Starting at the first line of the records and stopping at the line that contains "Bērnu fototapetes - Saules", transcribe every line exactly and leave out the pictures.

[Collection entries]
---

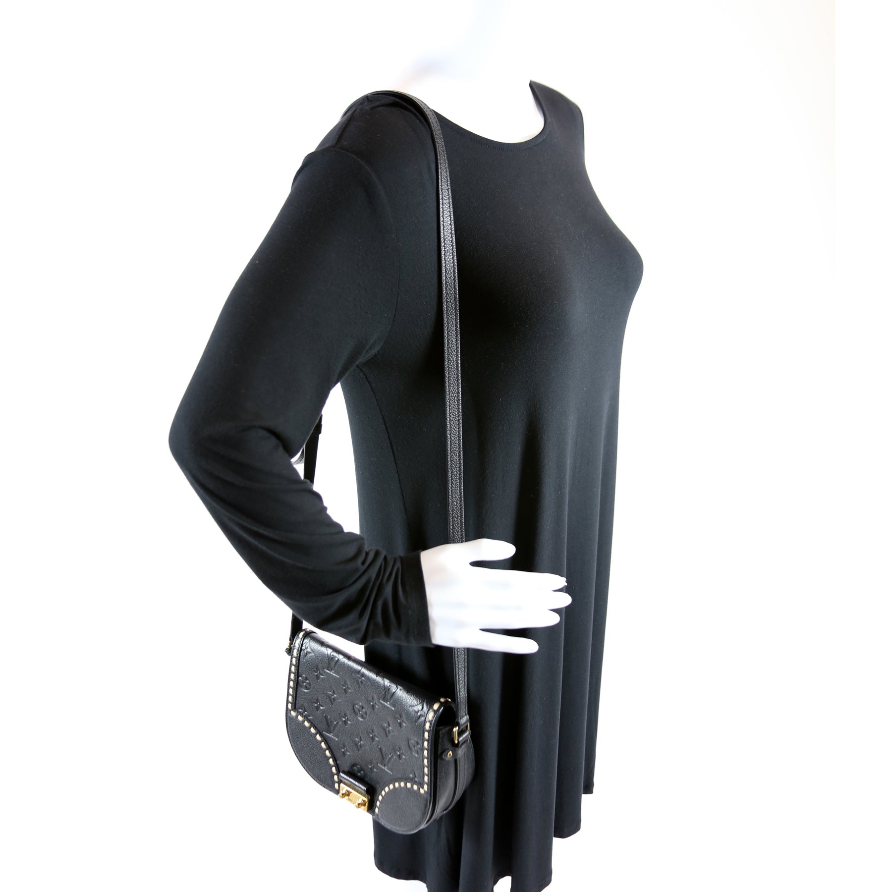 This pre-owned Louis Vuitton Junot is guaranteed 100% authentic. The exterior is in the classic Empreinte Leather.
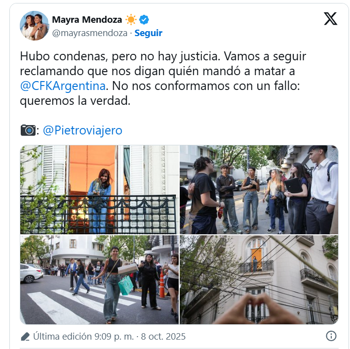 Por su parte, la intendenta de Quilmes fue una de las voces más críticas en redes sociales. En su cuenta de X, afirmó que “el pacto de injusticia garantizado por el Partido Judicial y esta banda de mafiosos no puede quedar impune”, mencionando además a Patricia Bullrich, Mauricio Macri y Luis Caputo. La intendenta sostuvo que el fallo “no refleja el reclamo de justicia de millones de argentinos” y evidencia “la protección que el Poder Judicial otorga a los sectores del poder político y mediático”. Mendoza finalizó con una pregunta que resonó ampliamente: “¿Quién mandó a matar a Cristina?”.
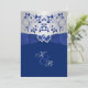 Este monograma de cinza azul real e prateada floral juntou corações convite 2 tem uma fita azul IMPRESSA SOBRE fita e arco, com um par de brilhante FAUX IMPRESSO e joia de diamante unindo corações. Todo o texto é personalizável. Se você precisar de outros itens neste estilo design, envie um email para niteowlstudio@gmail.com para solicitá-los.
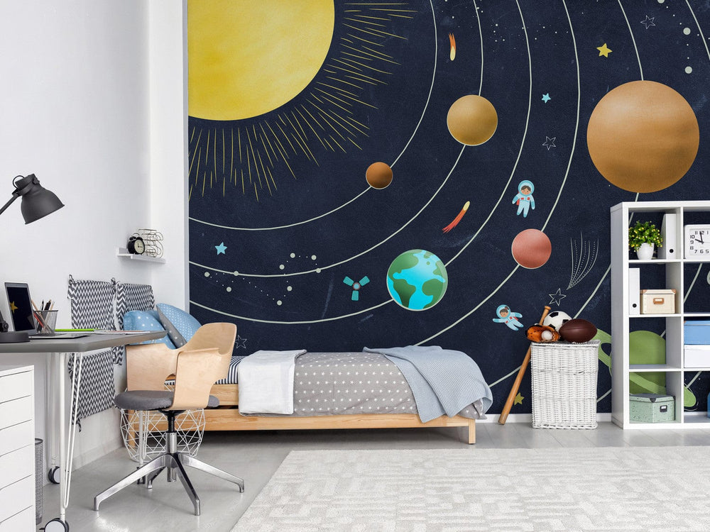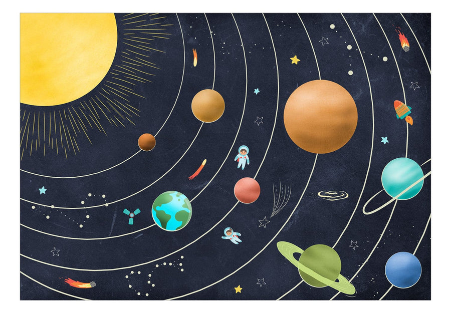 Bērnu fototapetes - Saules sistēma ar krāsainām planētām un zvaigznēm G-ART
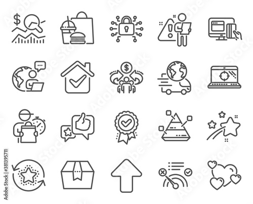 Technology icons set. Included icon as Seo laptop, Sharing economy, Heart signs. No internet, Security lock, Package box symbols. Pyramid chart, Check investment, Like. Delivery service. Vector
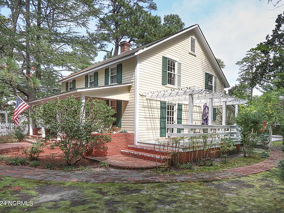 LOCATION! Charming, Old Town Cottage in the Historic Village of Pinehurst just steps from the pubs, restaurants and Village shops. You will love the brick curved walkways, white picket fence and welcoming wicker rockers on the front porch. Inside is all the character expected of a circa 1916 home. Heart of pine floors and floor to ceiling built-in shelving in the living room, dining room and kitchen. Kitchen is bright and sunny with white cabinetry. Handsome wood trim frames glass pane door in dining room leading to sunny side porch. Screened porch and brick patio overlook beautiful in-ground pool in private back yard.Primary bedroom on first floor with three additional bedrooms upstair. Home has been used for short term rentals continuously. Call Pinehurst Country Club for information about securing a PCC membership.There is not a membership for transfer.Home does not have a short term rental certificate.Home can be rented for 30 days or more.
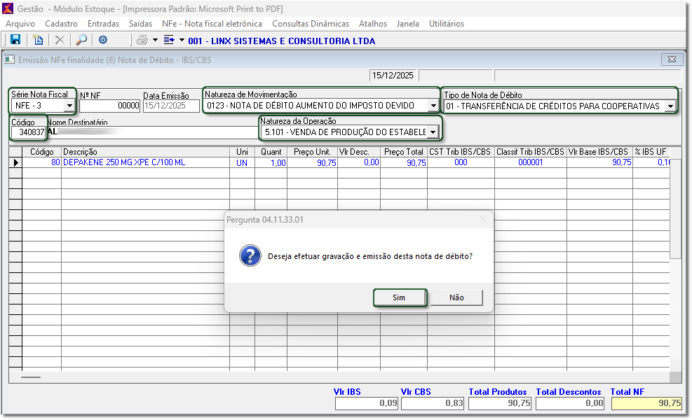10. Será apresentada a mensagem 'Deseja efetuar gravação e emissão desta nota de débito?', clique em 'Sim' para confirmar a gravação.
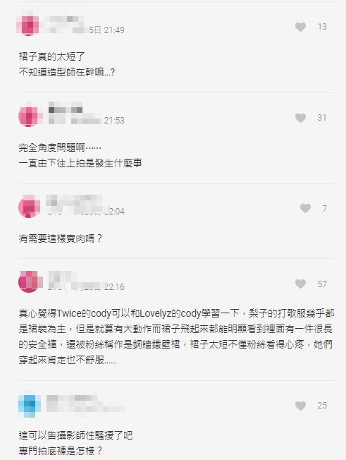畫面一出,也引起台灣論壇「dcard」上的網友以主題「裙子太短了吧」引起討論,對此,有網友指責公司服裝設計並表示「短到只要張開腳步裙子就往上跑」、「Momo那件短到不像裙子」、「舞步那麼急根本沒時間拉裙子」,同時也有人出面批評拍攝方式說到「不懂為什麼要由下往上拍」,另也有粉絲提議「Lovelyz的打歌服幾乎都是裙裝為主,但是就算有大動作而裙子飛起來都能明顯看到裡面有一件很長的安全褲」引起大批網友心疼。
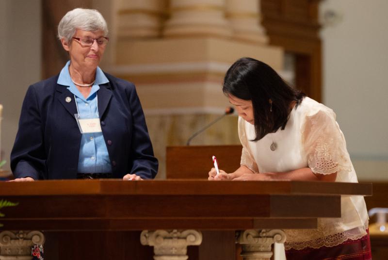 Sister of Charity of Cincinnati Romina Sapinoso pronounced First Vows during a ceremony on Sept. 22, 2018, in the Immaculate Conception Chapel at the Mount St. Joseph Motherhouse. To learn more about S. Romina, visit

---

* _Response area_:
 This pre-owned Louis Vuitton Junot is guaranteed 100% authentic. The exterior is in the classic Empreinte Leather.
 Por su parte, la intendenta de Quilmes fue una de las voces más críticas en redes sociales. En su cuenta de X, afirmó que “el pacto de injusticia garantizado por el Partido Judicial y esta banda de mafiosos no puede quedar impune”, mencionando además a Patricia Bullrich, Mauricio Macri y Luis Caputo. La intendenta sostuvo que el fallo “no refleja el reclamo de justicia de millones de argentinos” y evidencia “la protección que el Poder Judicial otorga a los sectores del poder político y mediático”. Mendoza finalizó con una pregunta que resonó ampliamente: “¿Quién mandó a matar a Cristina?”.
 Este monograma de cinza azul real e prateada floral juntou corações convite 2 tem uma fita azul IMPRESSA SOBRE fita e arco, com um par de brilhante FAUX IMPRESSO e joia de diamante unindo corações. Todo o texto é personalizável. Se você precisar de outros itens neste estilo design, envie um email para niteowlstudio@gmail.com para solicitá-los.
 Bērnu fototapetes - Saules sistēma ar krāsainām planētām un zvaigznēm G-ART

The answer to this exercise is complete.